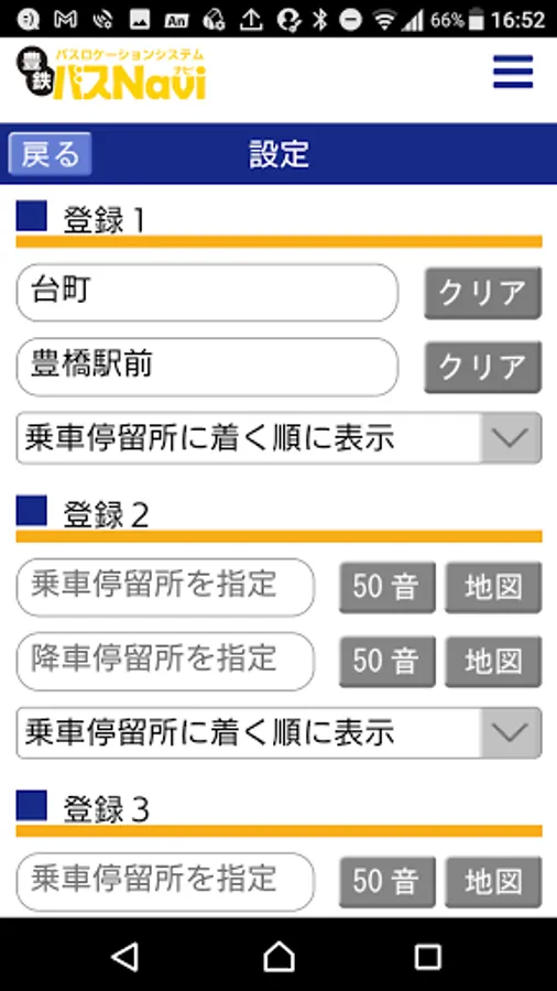 You can register up to four combinations of boarding and alighting stops.
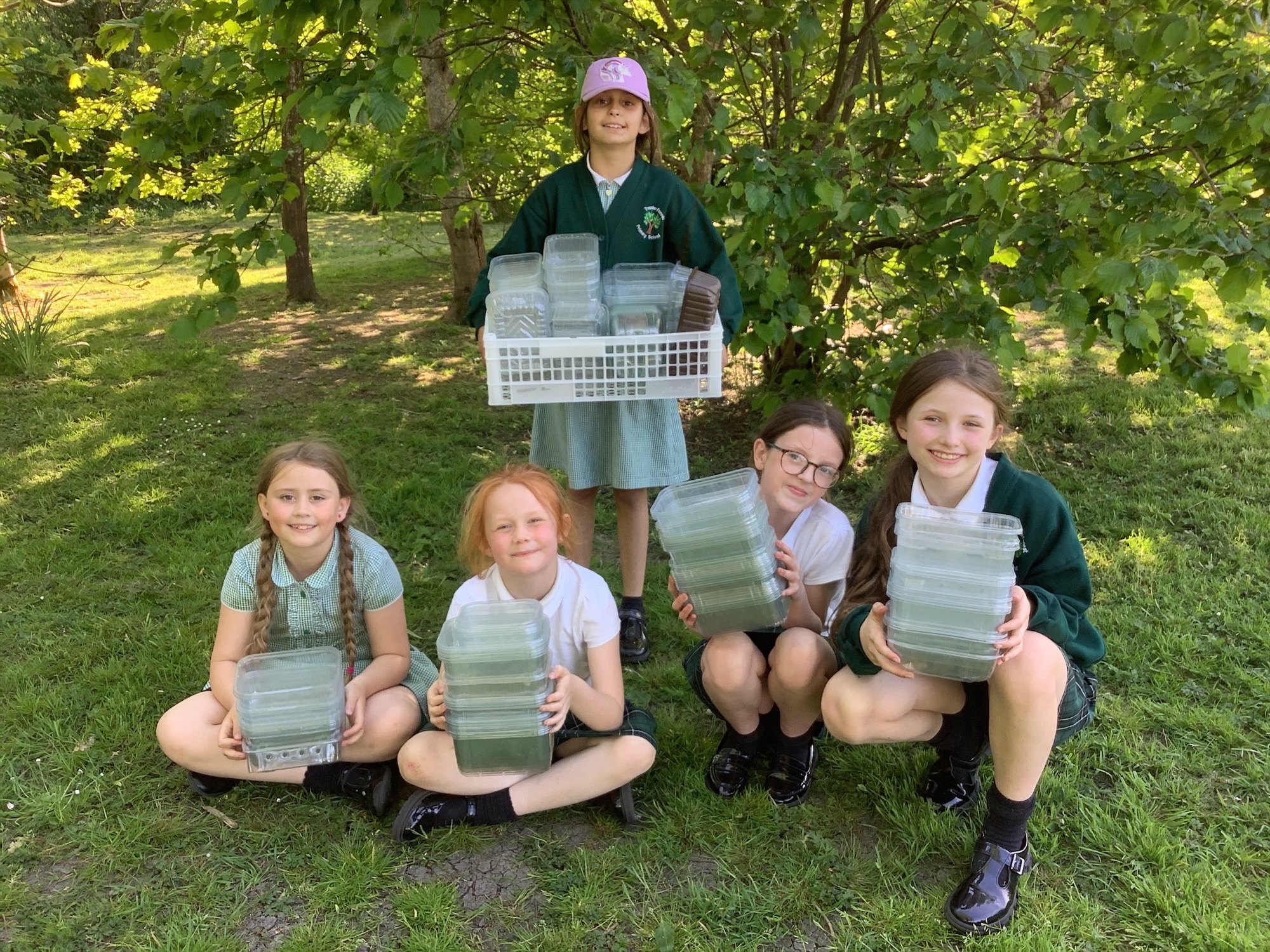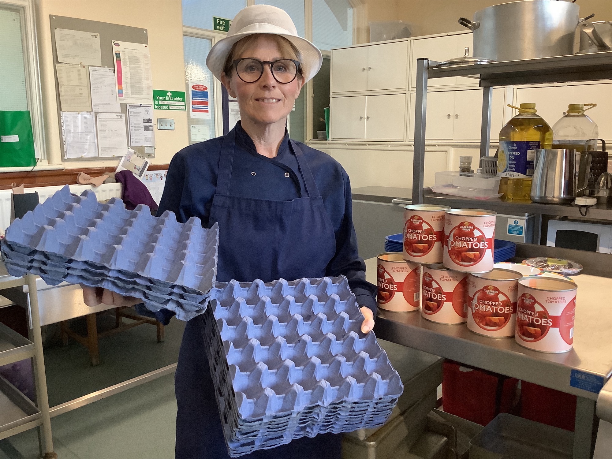Staff are collecting fruit punnets, which we'll reuse to package and sell our school-grown produce.
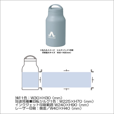 別途見積■回転シルク1色:W225×H70(mm)、インクジェット印刷範囲 W240( 塗り足し範囲を含む)×H90(mm)、レーザー印刷:側面/W40×H40(mm) |
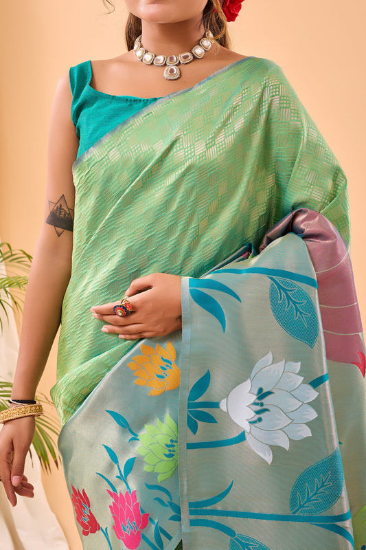 Pista Green Paithani Silk Saree with Big Beautiful Border
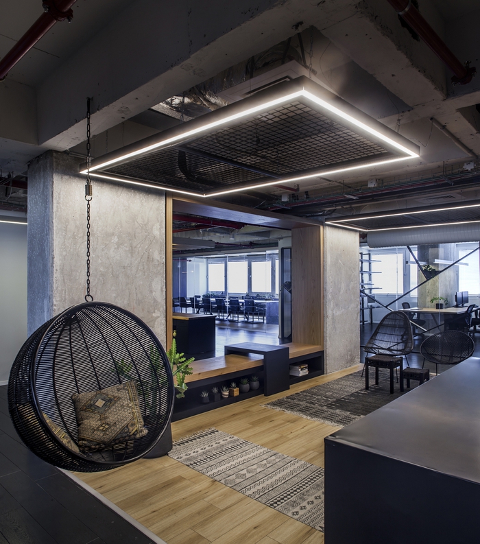 The anonymous company in question was previously resident in a space half the size of their new office, they decided that it was time for an upgrade and said that it was about time that they worked in “the coolest office in the city”. The new office space is housed within Israel’s first, and most famous, tower in the centre of Tel Aviv. Before Turman Romano undertook this unique challenge the space was boxy, cramped and lifeless. So the design studio set out to transform it into a sprawling open plan space by knocking down all of the unnecessary walls and creating an office which would bring a sense of mystery and fun to work day.
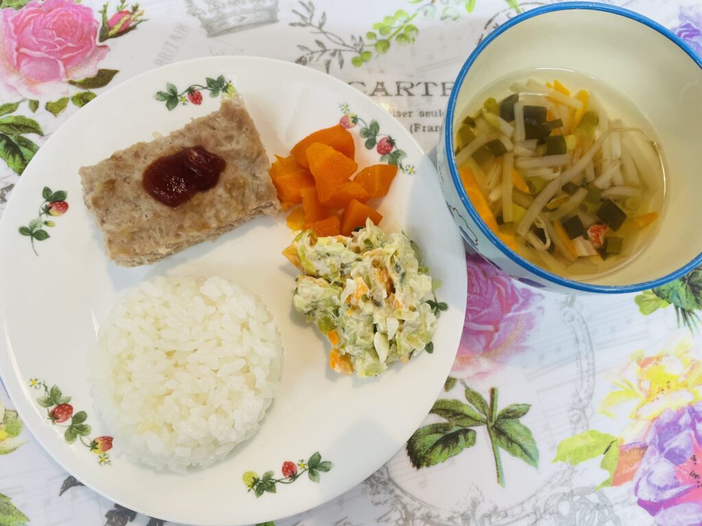 お楽しみ給食 ハンバーグ 人参の甘煮 キャベツのツナマヨサラダ 6月28日
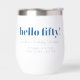 Bold Typography Bright Blue and White Modern 50th Birthday Custom Wine Tumbler
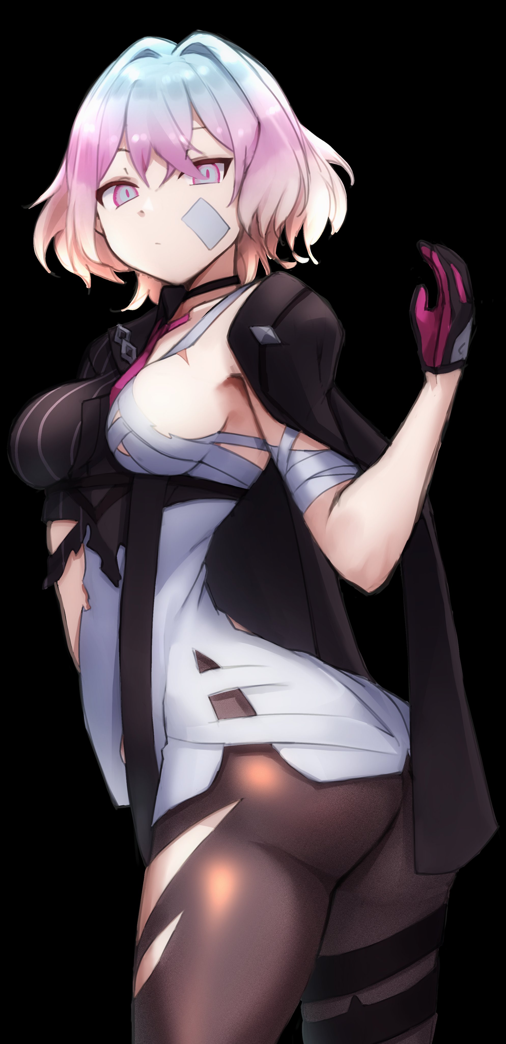 absurdres cape cream_bread gloves highres honkai_(series) honkai_impact_3rd lantern_(honkai_impact) multicolored_eyes multicolored_hair pantyhose red_gloves shirt thigh_strap torn_clothes torn_pantyhose white_shirt
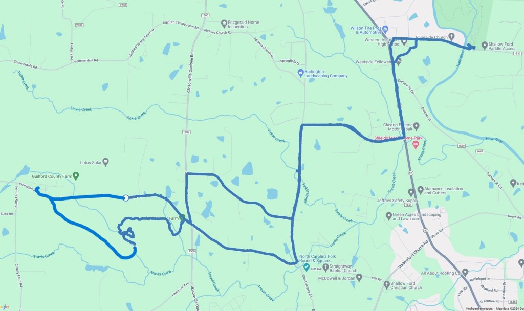 I chose to park at Guilford County Farm, because I’ve been there numerous times (birding), and it feels like a safer place to park than Shallow Ford.
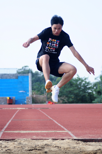 跳远比赛现场,选手似离弦的箭般助跑,起跳,空中走步,双脚同时着地,一道美丽的“弧线”就此产生。
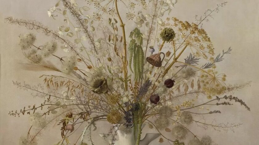 Pero vendrían más bodegones de flores de Gluck inspirados en las composiciones de Constance Spry, como Lilac and Guelder Rose, un ramo impresionantemente grande de lilas blancas combinado con flores de Viburnum opulus y hojas en un jarrón alto; o The Devil’s Altar, una pintura que Gluck realizó en 1932 y ahora se conserva en la Art Gallery Brighton, que representa las características y delicadas flores blancas que cuelgan de los tallos de una Datura, una de las plantas favoritas de Constance Spry.
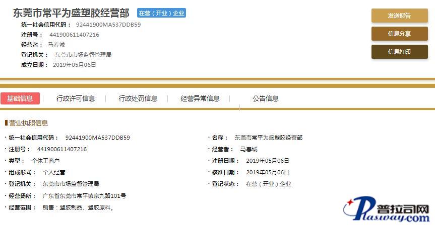 企业在主管机关网上注册信息截图
========
### [What is expected]
Omitting all images, retype each line of the records precisely.

### [Answer box]
 You can register up to four combinations of boarding and alighting stops.
Staff are collecting fruit punnets, which we'll reuse to package and sell our school-grown produce.
 別途見積■回転シルク1色:W225×H70(mm)、インクジェット印刷範囲 W240( 塗り足し範囲を含む)×H90(mm)、レーザー印刷:側面/W40×H40(mm) |
 Pista Green Paithani Silk Saree with Big Beautiful Border
 The anonymous company in question was previously resident in a space half the size of their new office, they decided that it was time for an upgrade and said that it was about time that they worked in “the coolest office in the city”. The new office space is housed within Israel’s first, and most famous, tower in the centre of Tel Aviv. Before Turman Romano undertook this unique challenge the space was boxy, cramped and lifeless. So the design studio set out to transform it into a sprawling open plan space by knocking down all of the unnecessary walls and creating an office which would bring a sense of mystery and fun to work day.
 お楽しみ給食 ハンバーグ 人参の甘煮 キャベツのツナマヨサラダ 6月28日
 Bold Typography Bright Blue and White Modern 50th Birthday Custom Wine Tumbler
 absurdres cape cream_bread gloves highres honkai_(series) honkai_impact_3rd lantern_(honkai_impact) multicolored_eyes multicolored_hair pantyhose red_gloves shirt thigh_strap torn_clothes torn_pantyhose white_shirt
 I chose to park at Guilford County Farm, because I’ve been there numerous times (birding), and it feels like a safer place to park than Shallow Ford.
 跳远比赛现场,选手似离弦的箭般助跑,起跳,空中走步,双脚同时着地,一道美丽的“弧线”就此产生。
 Pero vendrían más bodegones de flores de Gluck inspirados en las composiciones de Constance Spry, como Lilac and Guelder Rose, un ramo impresionantemente grande de lilas blancas combinado con flores de Viburnum opulus y hojas en un jarrón alto; o The Devil’s Altar, una pintura que Gluck realizó en 1932 y ahora se conserva en la Art Gallery Brighton, que representa las características y delicadas flores blancas que cuelgan de los tallos de una Datura, una de las plantas favoritas de Constance Spry.
 企业在主管机关网上注册信息截图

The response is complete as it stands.